The Court of Appeals freeze order stems from an urgent ex-parte petition filed by the Anti Money Laundering Council (AMLC) on May 30, 2011. In its petition, the AMLC, a government superbody tasked with investigating suspicious bank transactions and money laundering activities, asked the Court for an immediate order to freeze the assets of the Ampatuan clan and its associates on suspicion that these constitute ill-gotten wealth. This, as the AMLC prepared a civil forfeiture case to take control of the Ampatuan assets.
The AMLC case against the Ampatuans is based primarily on the results of two fact-finding missions conducted in Maguindanao in the wake of the massacre. The first was the lifestyle check conducted by Deputy Ombudsman for Mindanao Humphrey Monteroso on orders of Ombudsman Merceditas Gutierrez on then Maguindanao Governor Datu Andal Ampatuan Sr. and his son, then ARMM Governor Zaldy Uy Ampatuan, in August 2010; and a special audit conducted by the Commission on Audit (COA) on the operations of ARMM for the period January 2008 to September 2009.
The COA audit showed glaring anomalies in the handling of some P2.5 billion in operational funds granted to the Office of the Regional Governor. The Ombudsman Lifestyle Check report, meanwhile, went a step further by cross-referencing the assets of the Ampatuan clan identified by other government agencies such as the local city assessor’s offices and the Registers of Deeds or the Land Transportation Office with the statements of assets, liabilities, and net worth (SALNs) that the clan members in government are supposed to file every year.
It was the Ombudsman’s report that, for the AMLC, showed probable cause that the Ampatuans had wealth far in excess of their known sources of income in government.
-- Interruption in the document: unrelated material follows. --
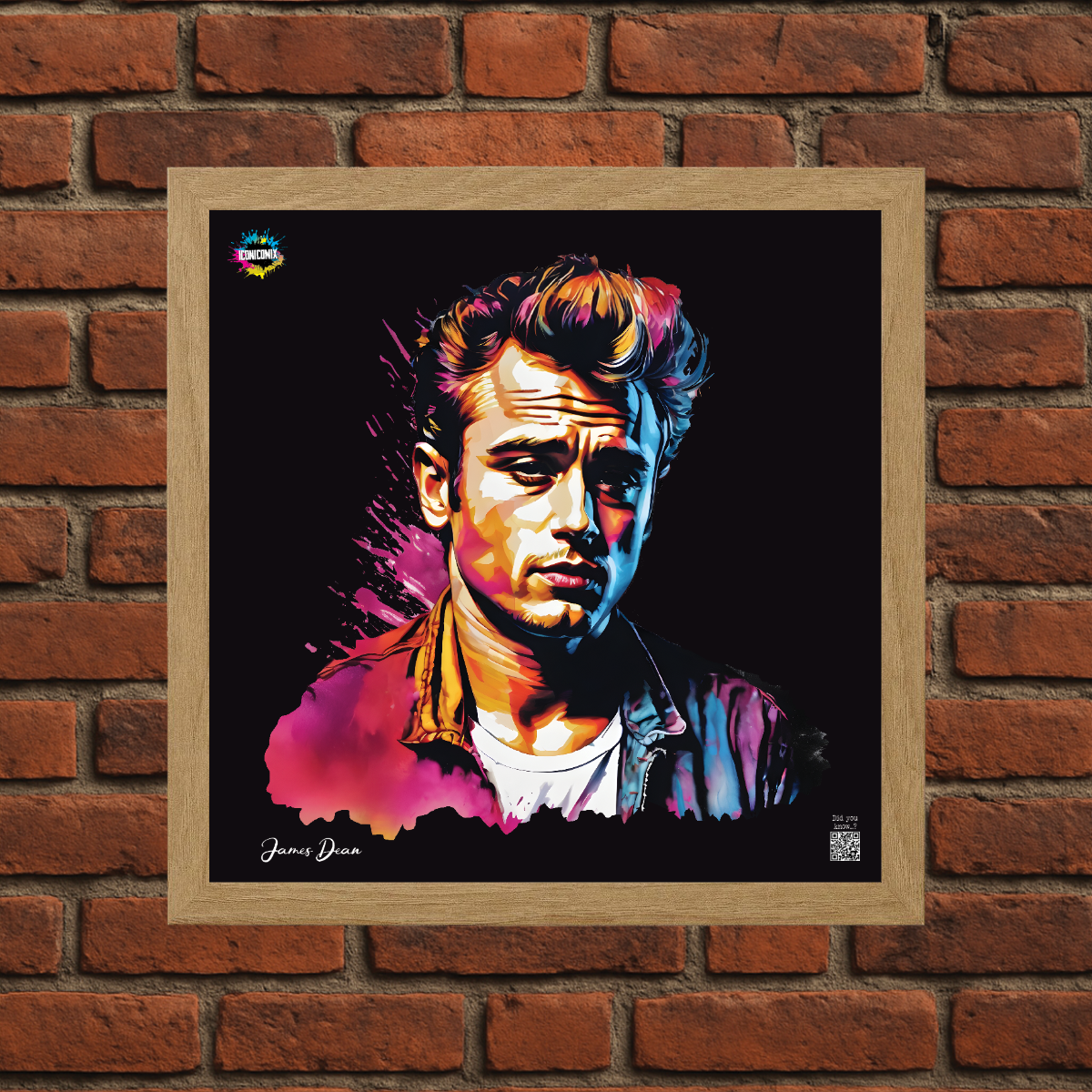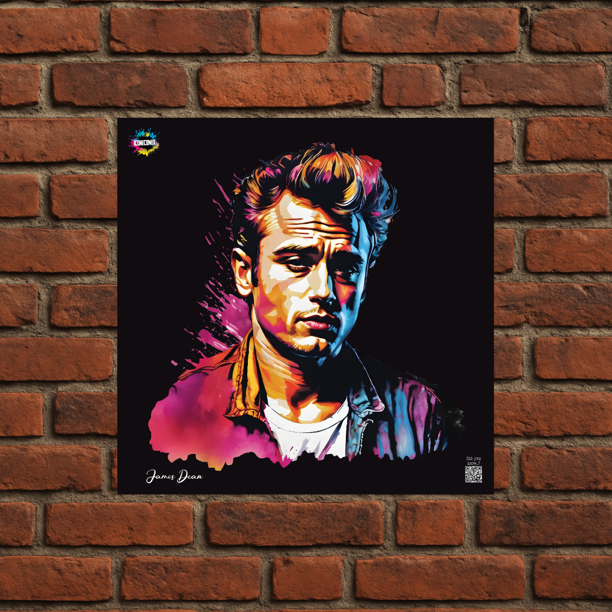In ogni nostra grafica è presente anche un QR code che reindirizza al sito iconicomix.com, alla pagina ufficiale dell’icona che hai scelto. Una porta digitale che racconta la sua storia, le sue frasi e il suo mondo.

With this, the AMLC moved to have the Ampatuan assets seized as ill-gotten wealth.
In its ex-parte petition, AMLC had submitted a thick list of bank accounts, real properties, vehicles, and firearms to the court. “Annex H” of the AMLC petition is what the AMLC describes as an “initial” list of Ampatuan assets identified and compiled by various state agencies, from local government units to the Philippine National Police. The assets ranged from firearms to motor vehicles, to bank accounts and real properties that were allegedly owned or at least controlled by the Ampatuans.
Among the listed real properties were eight in Davao City covered by Transfer Certificates of Title numbers T-444571; T-445459; T-416373; T430739; T430740; T-445458; T445460; and T430741. Seven of the properties are in upscale Juna Subdivision, the same subdivision where the grand mansion of Andal Ampatuan Sr. is located. These properties range in size from 555 square meters to 600 square meters. The eighth property measures 783 square meters and is located in Matina Crossing.
All eight properties, the AMLC said, were registered in the name of Datu Andal Ampatuan Jr. and his wife Reshal.
In the Finance Department’s latest guidelines for setting the zonal values in Davao City in 2002, properties in Juna Subdivision were given zonal values ranging from P2,400 to P2,680 per square meter. This means the seven properties in Juna could each have a zonal value of P1.4 to P1.6 million for the land alone.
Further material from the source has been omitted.